Null is the default property of a column, but generally it is best to specify NOT NULL unless you really need to store null. Because columns that contain nulls make indexes, index statistics, and value comparisons more complex, and when nullable columns are indexed, each index record requires an extra byte, and in the MyISAM table it can even cause a fixed-size index to become a variable-size index.

Changing a nullable column to NOT NULL has a small performance boost, so you don't have to deliberately modify it unless you need to, but if you plan to index on a column, you should try to avoid a nullable column.

InnoDB stores null values using separate bits (bit), so for sparse data (many values are null, only a few rows of columns have non-null values), this is a good space efficiency, but this does not apply to MyISAM.

3. Storage of IP

IP is not a string, but a 32-bit unsigned integer, with the decimal point to divide the address into four segments of the presentation method just to make people read easily, so should be used to store IP addresses with unsigned integers, MySQL provides Inet_aton () and Inet_ntoa () function between the two representations of the conversion

Mysql> Show CREATE TABLE test;+-------+------------------------------------------------------------------------ -----------------------------------------+| Table | Create Table |+-------+ --------------------------------------------------------------------------------------------------------------- --+| Test | CREATE TABLE ' Test ' (' a ' int (ten) unsigned default NULL) engine=innodb default Charset=utf8 collate=utf8_bin |+-------+-- --------------------------------------------------------------------------------------------------------------- +1 row in Set (0.00 sec) mysql> INSERT into test values (Inet_aton (' 192.168.1.200 ')), (Inet_aton (' 200.100.30.241 ')); Query OK, 2 rows affected (0.01 sec) mysql> select * from test;+------------+| A |+------------+| 3232235976 | | 3362004721 |+------------+ mysql> Select Inet_ntoa (a) from test;+----------------+| Inet_ntoa (a) |+----------------+| 192.168.1.200 | | 200.100.30.241 |+----------------+

Two specific data types introduced

1. Number types

(1) Integer type

Basic use: Integer type (display width)

Note: The display width has no effect on the size of the number, but only when the Zerofill is set, it is 0 when it is displayed. It is recommended not to set the display width and Zerofill

(2) Floating-point number type

Basic usage: Data type (M,D)

Note 1:m refers to the accuracy, the total number of digits, D is the indicator degree, the number length after the decimal point, such as decimal (5,2) can store 5 numbers and two decimals, that is, the storage range is 999.99 to 999.99.

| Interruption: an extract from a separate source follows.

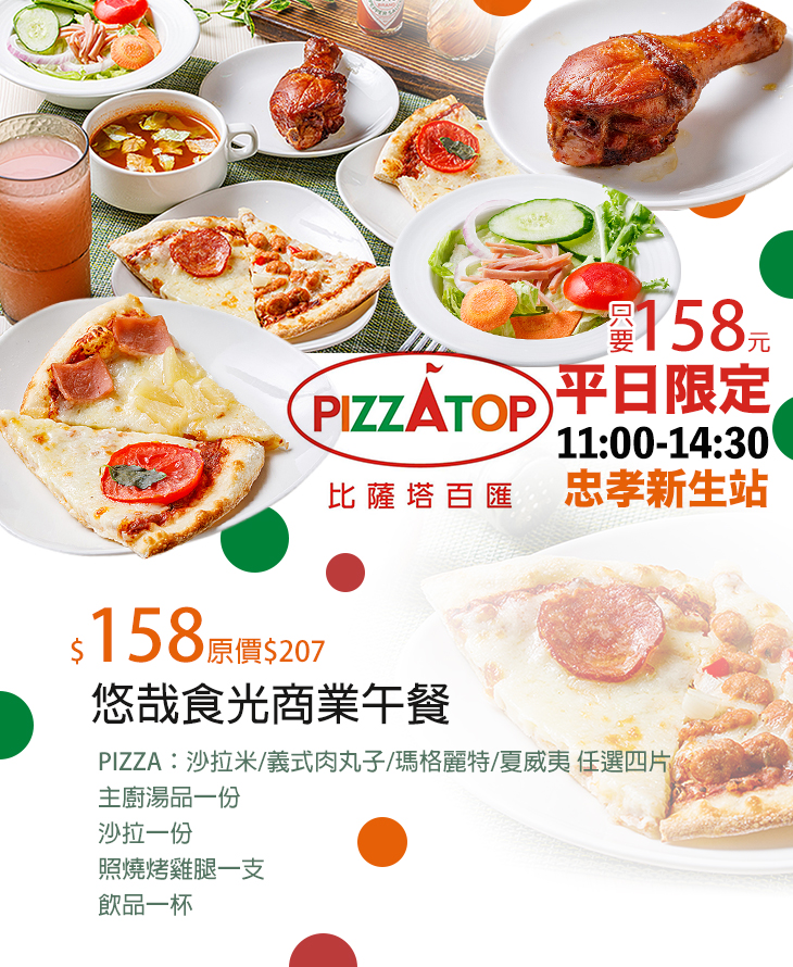 近捷運忠孝新生站1號出口、三創生活園區7樓!為木石系列餐廳之一的【PIZZA TOP 比薩塔百匯】,餐點提供以義式窯烤披薩為主。針對披薩,無論是內餡的組合、風味的調配、窯烤的時間,還是口感的拿捏,每一個環節都來自經驗的累積與專業的呈現。另外搭配其他義式風味餐點,湯品、沙拉到甜點,運用不同組合給您前所未有的佳餚饗宴!好吃、美味、健康、平價,讓人一想到披薩,就想到〝PIZZA TOP〞,本次與夠麻吉攜手推出超值專屬優惠,機會難得,想大啖美食就趁這波!

Note 2: Divided into three categories, decimal (fixed-point number), float (single-precision floating-point type), double (double-precision floating-point type), generally use DECIMAL to store accurate data, such as wages, but unless necessary, it is best not to use floating-point type, Consider using bigint instead of decimal, and multiply the number of units of money you want to store by multiplying the digits of the decimal.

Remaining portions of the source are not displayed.